-- SUPPLIED INFORMATION follows --
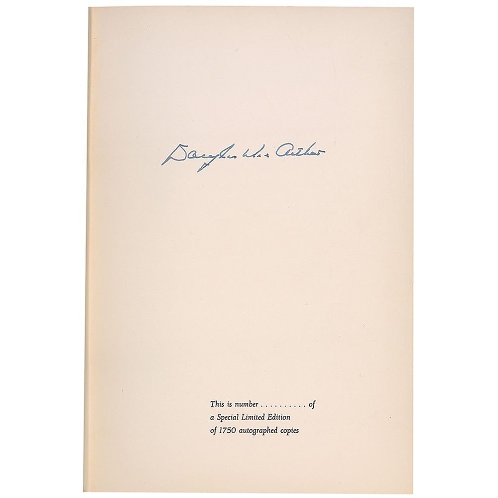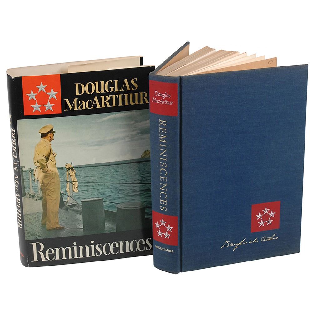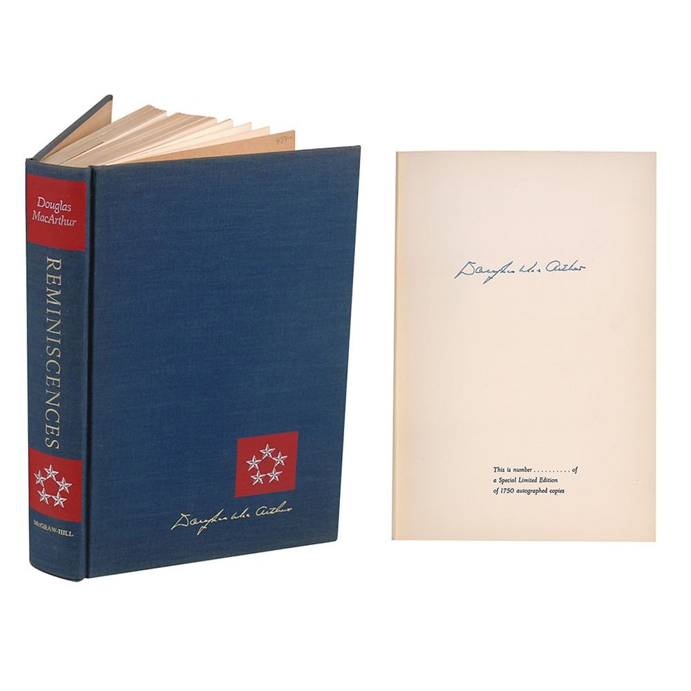 Signed book: Reminiscences. First edition, limited issue of 1750. NY: McGraw-Hill, 1964. Hardcover with dust jacket, 6.5 x 9.5, 438 pages. Signed on the colophon in fountain pen by Douglas MacArthur. Autographic condition: fine. Book condition: VG+/VG+. Navy cloth-covered boards with gilt titles; slightly yellowed; minor creasing to ffep. Dust jacket in protective mylar sleeve; few small tears to edges; lightly rubbed (heavier along spine and folds); price-clipped.
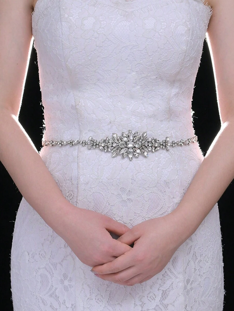 1pc Simple Rhinestone Bridal Belt Wedding Dress Sash Jewelry Accessory
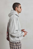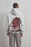 Sudadera gris jaspe oversize boxy fit con estampado delantero “BE” y gráfico trasero “ALL EYES ON ME” con rostro expresivo | Interior afelpado compuesto | Unisex
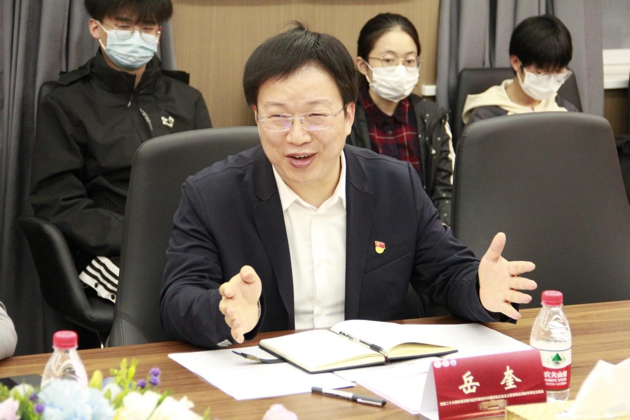 岳奎为与会师生生动宣讲了党的二十大精神。通过中国共产党如何从大党到强党、中国如何从大国走向强国的实例分析,以及我党在新征程上举什么旗、走什么路、以什么样的精神状态继续前进的重大问题的研判,系统指出学习宣传贯彻党的二十大精神,就是要全面把握习近平新时代中国特色社会主义思想的世界观、方法论和贯穿其中的立场观点,正确认识把握习近平新时代中国特色社会主义思想的精神实质,深刻领会党的创新理论的道理、学理、哲理,做到知其言更知其义、知其然更知其所以然,深刻领会在新时代新征程上必须切实把习近平新时代中国特色社会主义思想贯彻落实到为党育人、为国育才的各方面和全过程。他强调,华中大青年学子们要深刻领会党中央在经济建设、政治建设、文化建设、社会建设的重大部署,同心向党跟党走,胸怀“国之大者”、系好人生的第一粒扣子,在新时代新征程中奋勇争先、建功立业。
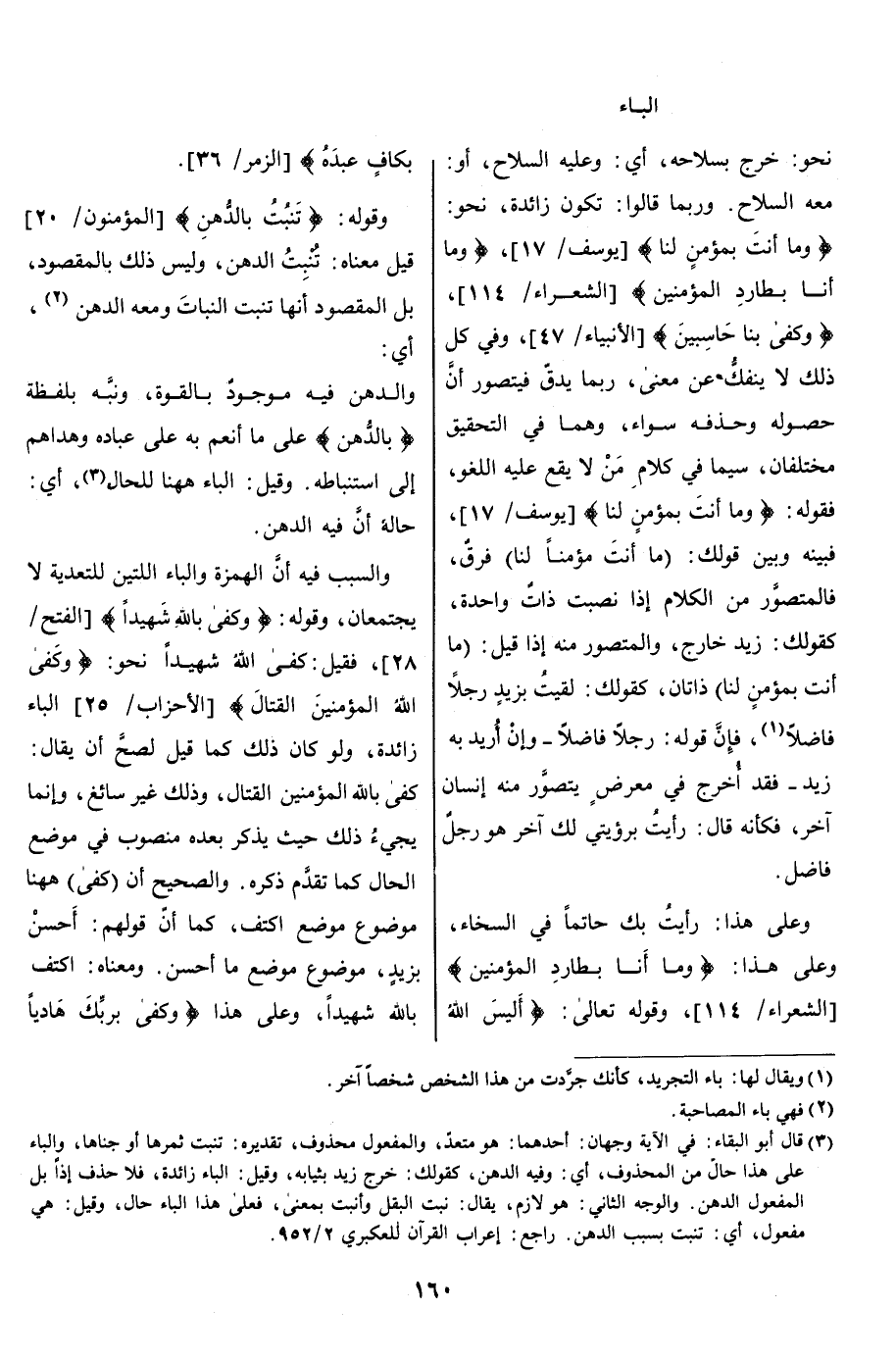 وَما أَنَا بِطارِدِ الْمُؤْمِنِينَ [الشعراء/ 114] ، وَكَفى بِنا حاسِبِينَ [الأنبياء/ 47] ، وفي كل ذلك لا ينفكّ عن معنى، ربما يدقّ فيتصور أنّ حصوله وحذفه سواء، وهما في التحقيق مختلفان، سيما في كلام من لا يقع عليه اللغو، فقوله: وَما أَنْتَ بِمُؤْمِنٍ لَنا [يوسف/ 17] ، فبينه وبين قولك: (ما أنت مؤمنا لنا) فرق، فالمتصوّر من الكلام إذا نصبت ذات واحدة، كقولك: زيد خارج، والمتصور منه إذا قيل: (ما أنت بمؤمن لنا) ذاتان، كقولك: لقيت بزيد رجلا فاضلا، فإنّ قوله: رجلا فاضلا- وإن أريد به زيد- فقد أخرج في معرض يتصوّر منه إنسان آخر، فكأنه قال: رأيت برؤيتي لك آخر هو رجل فاضل.
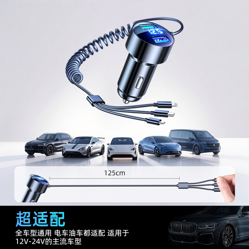 适用华为120W车载充电器手机超级快充转换插座三合一伸缩线点烟器
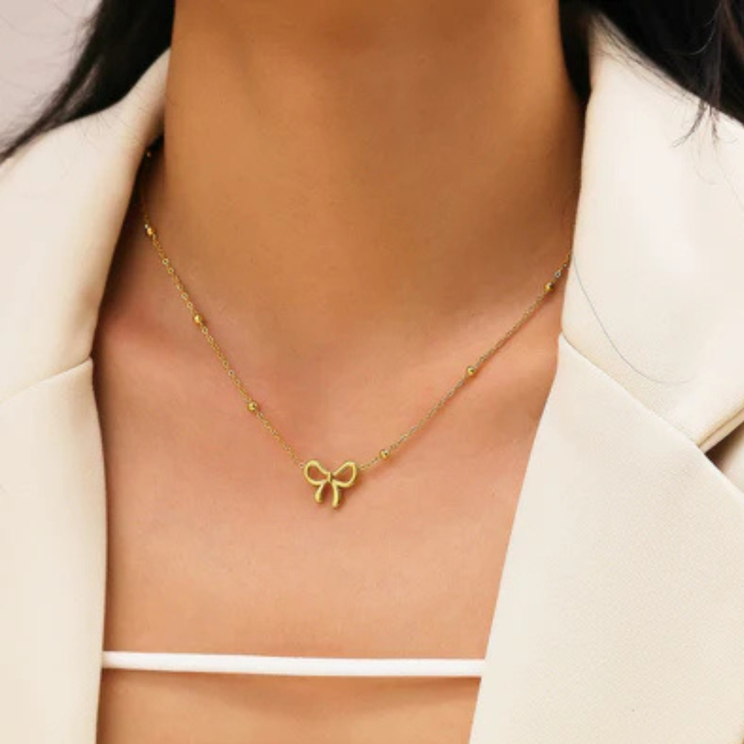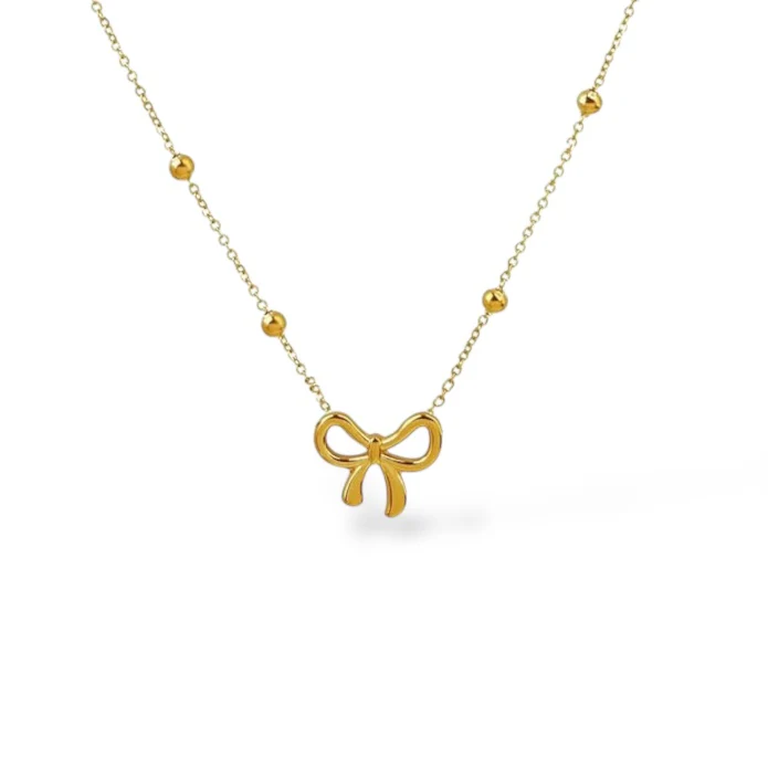 Delicate yet stylish, the Bow Pendant Necklace features a charming bow design finished in luxurious 18K gold plating. A timeless piece that adds feminine elegance and effortless sparkle to everyday and special occasion looks.
-- SUPPLIED INFORMATION concluded --
In the entries above, find the line that contains "1pc Simple Rhinestone" and the line that contains "Sudadera gris jaspe". Reproduce exactly those two lines and every line between them, but not the pictures.

 1pc Simple Rhinestone Bridal Belt Wedding Dress Sash Jewelry Accessory
 Sudadera gris jaspe oversize boxy fit con estampado delantero “BE” y gráfico trasero “ALL EYES ON ME” con rostro expresivo | Interior afelpado compuesto | Unisex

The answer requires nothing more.